LATEST June 30, 1:30 p.m. San Francisco Mayor London Breed is appealing to San Franciscans to stay home for the Fourth of July to help curb the spread of coronavirus.
“The Fourth of July is normally a time to gather and celebrate with family, friends and neighbors. Unfortunately these are not normal times, and these types of gatherings are the environments in which COVID-19 spread,” said Mayor Breed in a press release. “It is critical that all of us continue to follow the Health Orders designed to protect our safety. Please think carefully and act responsibly this weekend.”
On Monday, official fireworks shows across the Bay Area were canceled to discourage large gatherings of spectators.
June 30, 1:00 p.m. In its Budget and Fiscal Update for FY 2021-2022, the SFMTA outlined survey results regarding how ridership might change in the near and long-term future for public transit. The agency expects to see a baseline 20% ridership drop going forward, attributed to a rise in permanent remote work prompted by the coronavirus pandemic.
The update also outlined survey results compiled from 25,000 adults. Researchers found that 20% of respondents who used buses and public transit regularly before the outbreak said they now now longer would, and 28% said they would use these services less often. Additionally, more than 50% of respondents said they “would either use these less or stop using [rideshare options] completely.”
As a result, the SFMTA is planning accordingly. “Do not expect to return to the transit system you were used to before,” the budget update notes. “We will continue to transform transit and move Muni Forward.”
June 30, 12:30 p.m. California Gov. Gavin Newsom said Tuesday the state has procured 15,679 hotel and motel rooms as part of an initiative to house people living on the street during the coronavirus pandemic.
Project Roomkey launched in April as the first of its type in the country and as of today 85% of those rooms are in use and 14,200 have been housed, the governor said.
Newsom explained the program provides, “a room, a key, a lock” for people living in their cars, in shelters, in encampments, or on the street.
The governor said he signed the state’s budget on Monday and it includes an additional $1.3 billion for cities and counties to support homeless programs such as Project Roomkey.
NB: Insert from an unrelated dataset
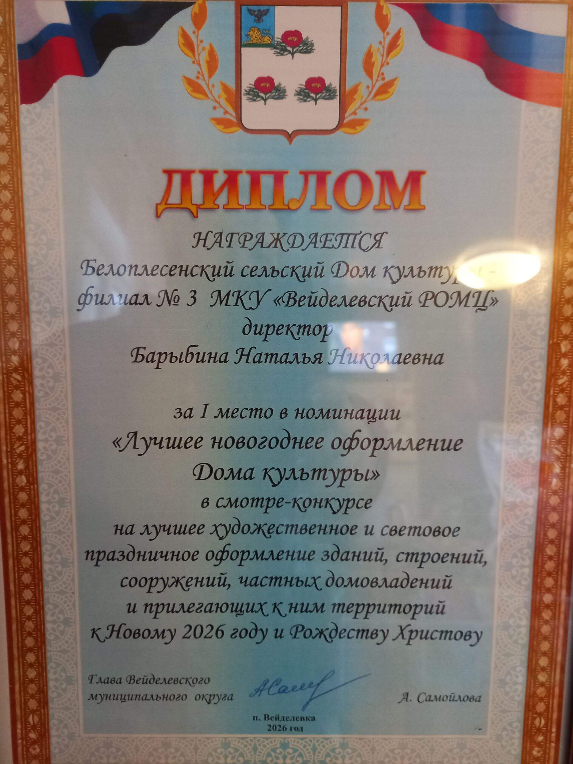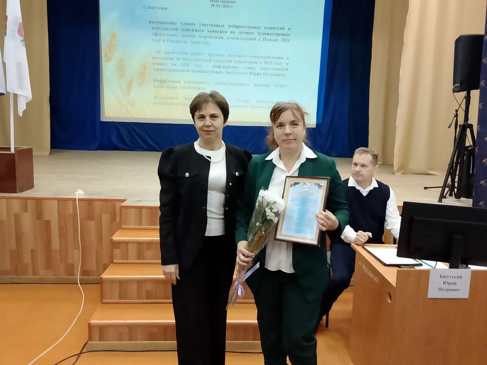 В Закутчанском ЦКР состоялось расширенное заседание Общественных советов, на котором директор Белоплесенского сельского Дома культуры была награждена Дипломом за I место номинации "Лучшее новогоднее оформление Дома культуры" в смотре- конкурсе на лучшее художественное и световое праздничное оформление зданий, строений, сооружений .частных домовладений и прилегающих к ним территорий к Новому 2026 году и Рождеству Христову.

The funding will also help support a new program called Project Home Key that will allow the state to not only lease but acquire longterm housing for people on the streets.
June 30, 12:20 p.m. Rent is due tomorrow and some San Francisco landlords don’t want the new COVID-19 Tenant Protections Ordinance to stop them from collecting it.
On Monday, four landlord and realtor groups filed a lawsuit against the city to obtain a temporary restraining order that would suspend the law immediately, according to KQED.
The ordinance was signed by Mayor London Breed last Friday, permanently prohibiting a residential landlord from pursuing an eviction for nonpayment of rent due to COVID-19 from April through July.
Read more from SFGATE Editor Tessa McLean.
June 30, 12:10 p.m. The U.S. is “going in the wrong direction” with the coronavirus surging badly enough that Dr. Anthony Fauci told senators Tuesday some regions are putting the entire country at risk — just as schools and colleges are wrestling with how to safely reopen.
With about 40,000 new cases being reported a day, Fauci, the government’s top infectious disease expert, said he “would not be surprised if we go up to 100,000 a day if this does not turn around.”
“I am very concerned,” he told a hearing of the Senate Health, Education, Labor and Pensions committee.
Infections are rising rapidly mostly in parts of the West and South, and Fauci and other public health experts said Americans everywhere will have to start following key recommendations if they want to get back to more normal activities like going to school.
“We’ve got to get the message out that we are all in this together,” by wearing masks in public and keeping out of crowds, said Fauci, infectious disease chief at the National Institutes of Health.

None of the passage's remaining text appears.